Um Site da Bahia faz o seguinte convite: "Pule o carnaval Carnal, lúdico, dilacerador, espiritualizado, físico, o Carnaval da Bahia é a maior festa urbana do Brasil, criada e mantida pelo povo. Uma manifestação espontânea, criadora, livre, pura, onde todos são-com maior ou menor competência-sambistas, frevistas, loucos dançarinos, na emoção suada atrás do som estridente, eletrizante, do trio. Ou no ritmo calmo, forte, tranqüilizante, orientalizado, do afoxé, incorporado num só movimento. Um ato de entrega, de transe e êxtase, de liberação de todas as tensões reprimidas e da envolvência absoluta entre o real e o fantástico, capaz de, num único e frenético impulso, balançar o chão da praça."

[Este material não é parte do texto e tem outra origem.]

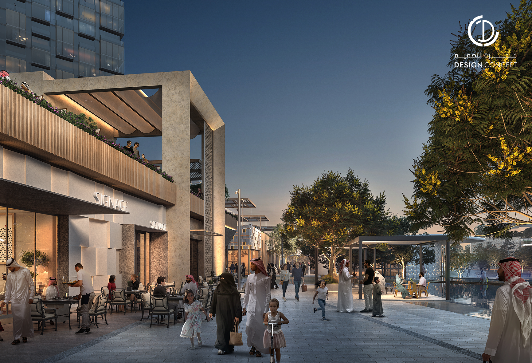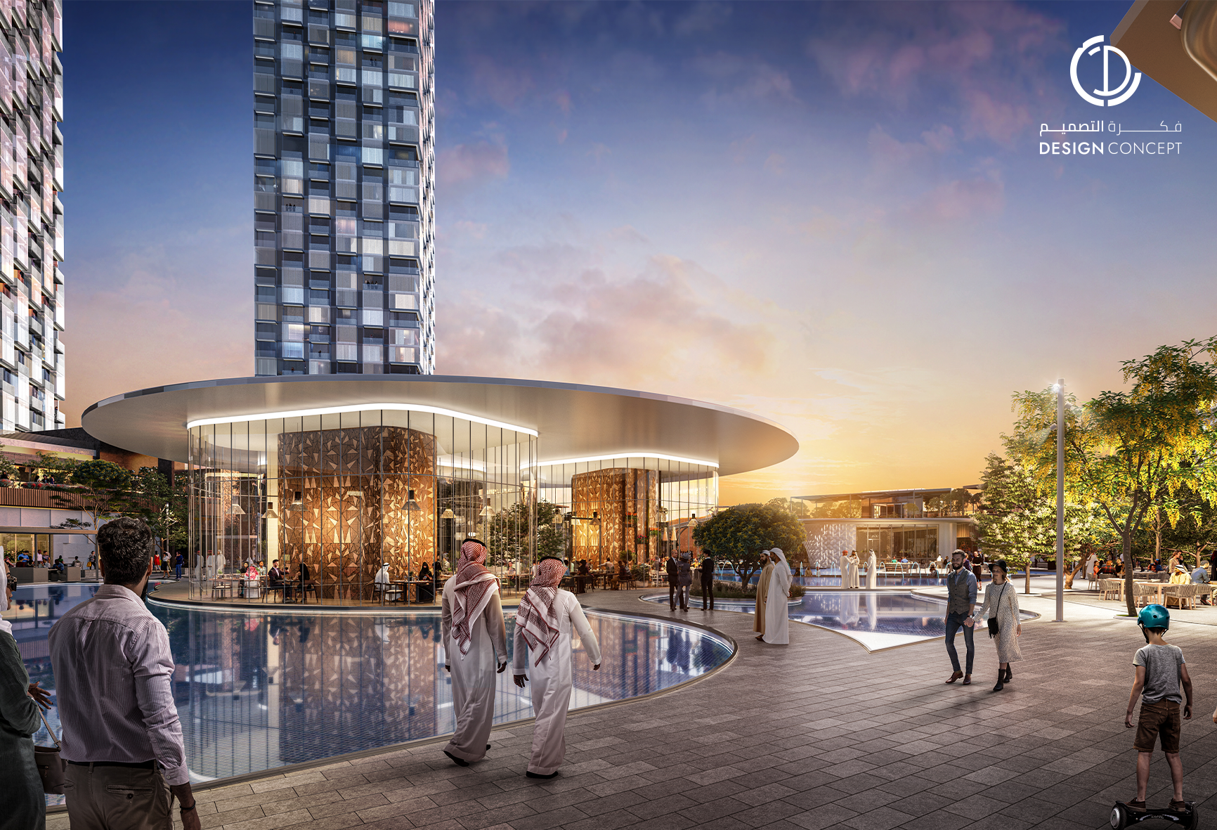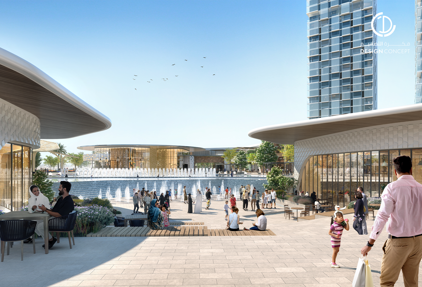 مساحة 45,000 متر مربع، عبارة عن مجمع سكني تجاري مكوّن من 3 أبراج سكنية وأكثر من 50 دور سكني، محلات تجارية وخدمات ترفيهية بتصميم حديث.
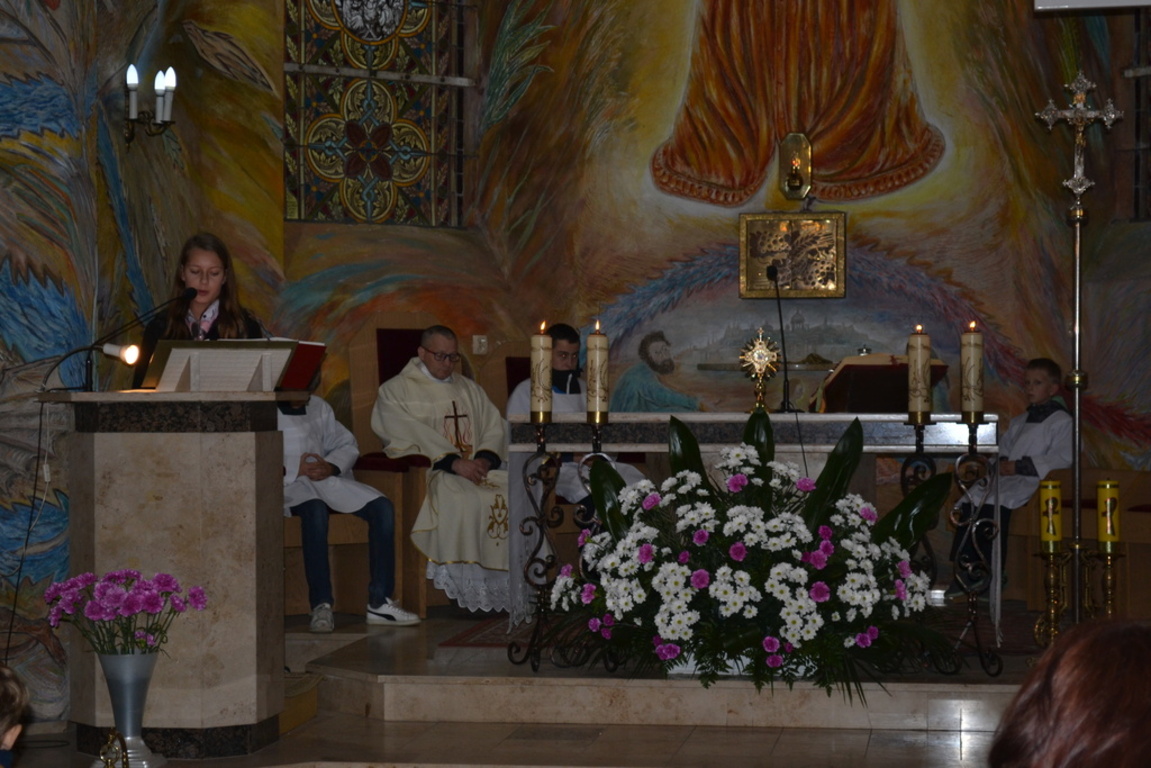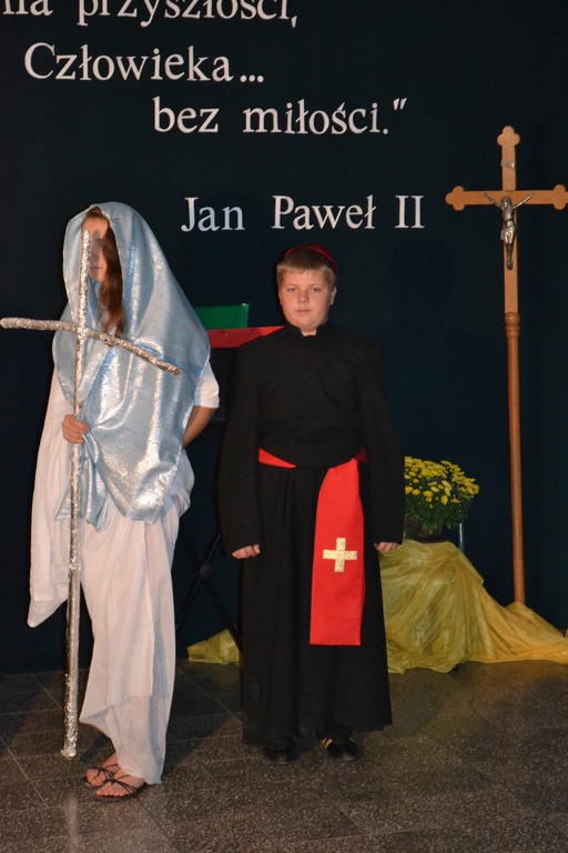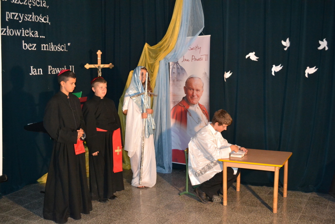 Dnia 23 października 2014 roku obchodziliśmy Dzień Patrona szkoły. Z tej okazji o godzinie 9 w kościele parafialnym odbyła się msza święta, w której uczestniczyli wszyscy uczniowie ze szkoły podstawowej i gimnazjum, wychowankowie przedszkola i nauczyciele. Uroczysty apel o charakterze pantomimy przedstawiał wydarzenia z życia patrona. Najważniejszym przesłaniem dzisiejszej uroczystości były słowa Jana Pawła II „ Nie ma szczęścia, nie ma przyszłości Człowieka… bez miłości”. Była to 8 rocznica nadania imienia Świętego Jana Pawła II Zespołowi Szkół w Łebieniu. Apel przygotowały katechetki Panie: Angelika Wiśniewska, Joanna Rybicka i Maria Cieszkowska
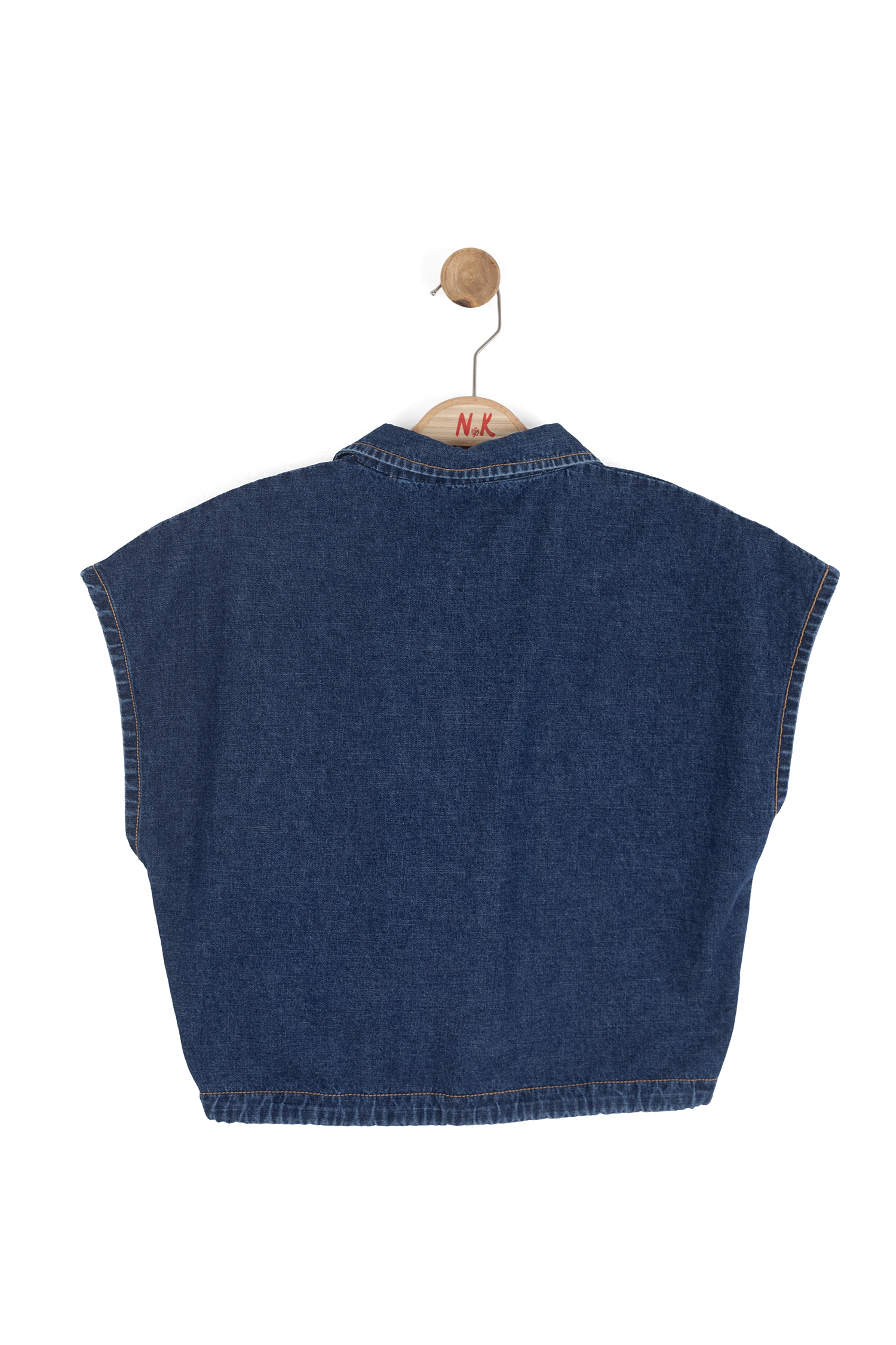 - Kısa kollu, kapüşonsuz denim yelek
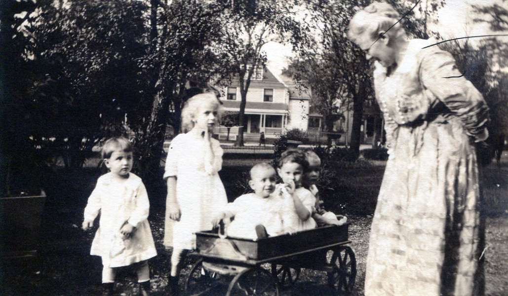 In this circa 1920 photograph, five grandchildren of Ida Stuhr visit her at Needham Castle. From left to right are: Herman, Freida, Frederick, Maria and Charles. The street in the background is Detroit Avenue, at the 5900 block, as it appeared that year. | Date: ca. 1920 | Source: Nancy T. SchreinerDownload Original File

Fantasias das mais variadas cores extravagantes e modelos com criatividades sem precedentes, desfilam pelas passarelas. O culto à sensualidade já marca o compasso de espera e é a marca registrada dos componentes, dos integrantes das escolas de samba que desfilam seus carros alegóricos em meios às luzes dos refletores e câmaras de TVs tentando focar os corpos desnudos das mulheres em meios aos gritos desconexos vindo das arquibancadas abarrotadas de multidões esperando suas escolas passarem para serem aclamadas e reverenciadas como um culto explicito ao paganismo declarado.

Durante quatro dias toda esta movimentação aparentemente harmoniosa com ritmos atordoantes e alucinantes regados a bebidas alcoólicas e sexo sem limites enchem ilusoriamente o coração de seus participantes nos variados clubes das noites, na esperança de poderem neste espaço de tempo ceder sem nenhum temor a Deus às suas luxurias, na ignorância de que na quarta-feira confessando os seus excessos pecaminosos, através da figuração das cinzas, serão de seus pecados perdoados como se Deus tivesse permitido, dado o seu aval para outros deuses serem venerados e adorados nesta celebração.

Talvez você não concorde comigo, porém Infelizmente o maior inimigo do ser humano é a sua ignorância. A ignorância têm cegado o entendimento, a lucidez da mente, porém Deus declara com muita rigidez em sua Palavra, a Bíblia as seguintes advertências:

Num.14:18-O Senhor é longânimo, e grande em misericórdia, que perdoa a iniqüidade e a transgressão, que o culpado não tem por inocente, e visita a iniqüidade dos pais sobre os filhos até à terceira e quarta geração.

Rm. 8.5-8,12-14 - que "os que são segundo a carne inclinam-se para as coisas da carne; mas os que são segundo o Espírito para as coisas do Espírito. Porque a inclinação da carne é morte; mas a inclinação do Espírito é vida e paz.

Porquanto a inclinação da carne é inimizade contra Deus, pois não é sujeita à lei de Deus, nem em verdade o pode ser; e os que estão na carne não podem agradar a Deus. Portanto, irmãos, somos devedores, não à carne para vivermos segundo a carne; porque se viverdes segundo a carne, haveis de morrer; mas, se pelo Espírito mortificardes as obras do corpo, vivereis. Pois todos os que são guiados pelo Espírito de Deus, esses são filhos de Deus.

Gal.5:13,24-Porque vós, irmãos, fostes chamados à liberdade. Não useis então da liberdade par dar ocasião à carne, mas servi-vos uns aos outros pelo amor. Os que são de Cristo crucificaram a carne com as suas paixões e concupiscências.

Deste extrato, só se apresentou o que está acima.